Before you lose hope, remember Toronto is a very strange city. It's a vast a place with many layers, with lots of good stuff hidden from view.
ReplyDeleteBack when I lived in St. John's, from what litte experience I had with the music scene, it seemed like everything was punk/death metal/art rock. I loved it. When I moved to Toronto, I was at first very disappointed. It seemed like everyone was playing pop cover at all of the venues and I started thinking "man, everyone in Toronto are a bunch of sellouts".
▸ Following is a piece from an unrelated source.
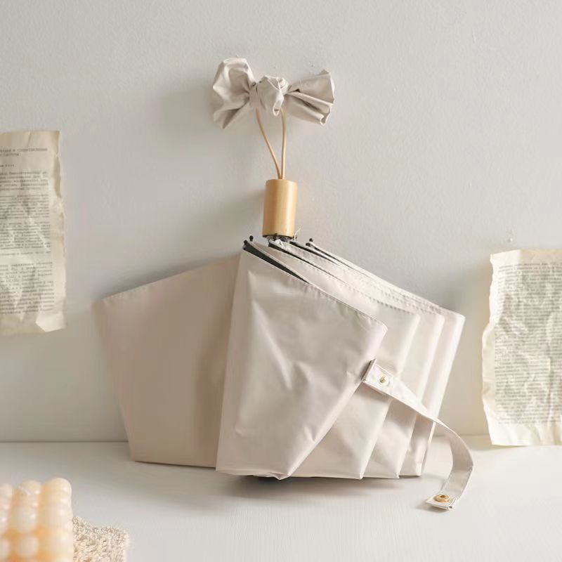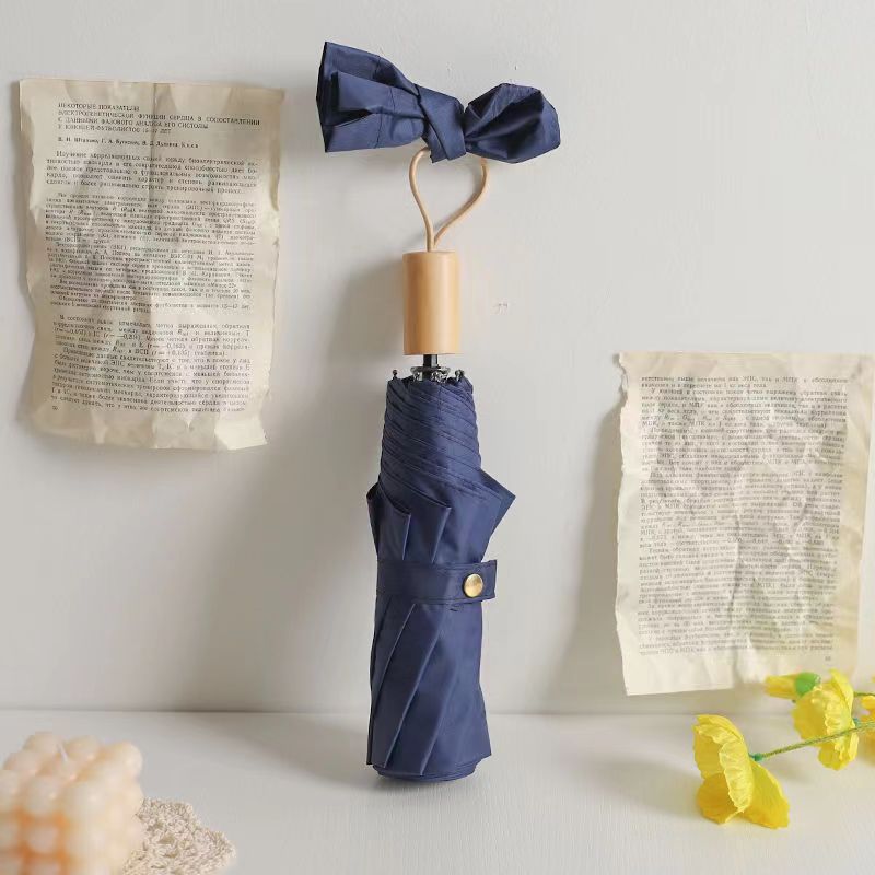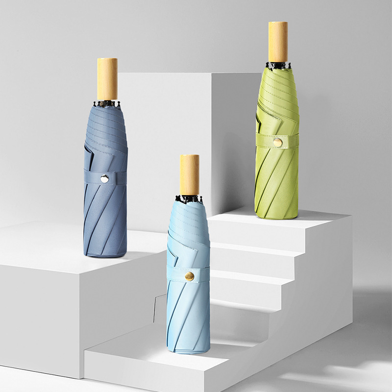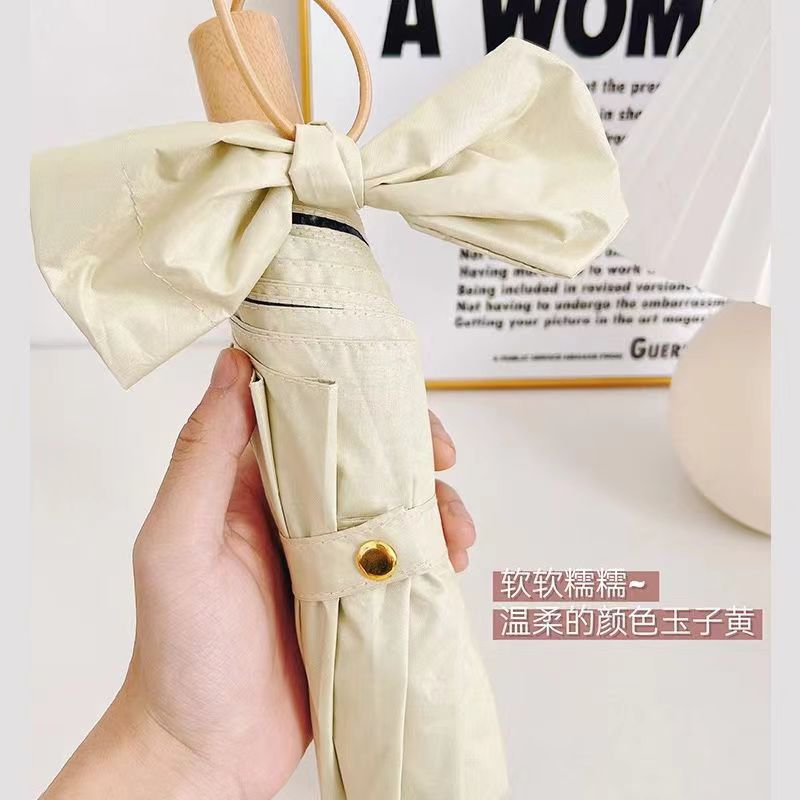 三折叠黑胶实木手柄学生女晴雨伞小清新时尚太阳伞简约高颜值雨伞

But then I started networking. I met up with a friend I used to know in St. John's, and he introduced me to his friend's band. And then I started using facebook to find shows, started liking bands, and then I discovered a huge vibrant music scene that was previously hidden from view. Even NOW magazine missed a lot of the shows I went to. Some venues I discovered:
The bovine sex club - lots of punk and metal
Coalition bar in Kensington market - lots of metal
Cameron house - folk / indie
The cavern (hidden in the basement of a hostel ) - I've been at lots of good shows here.
The list goes on and it's a long list.
Anyway, perhaps the same thing is going on with theatre. You have to look harder. There are a lot of people in the GTA and I am sure there are people who will appreciate your art. You just have to hunt for the LSPU hall (or basement of the Arts and culture center) of Toronto.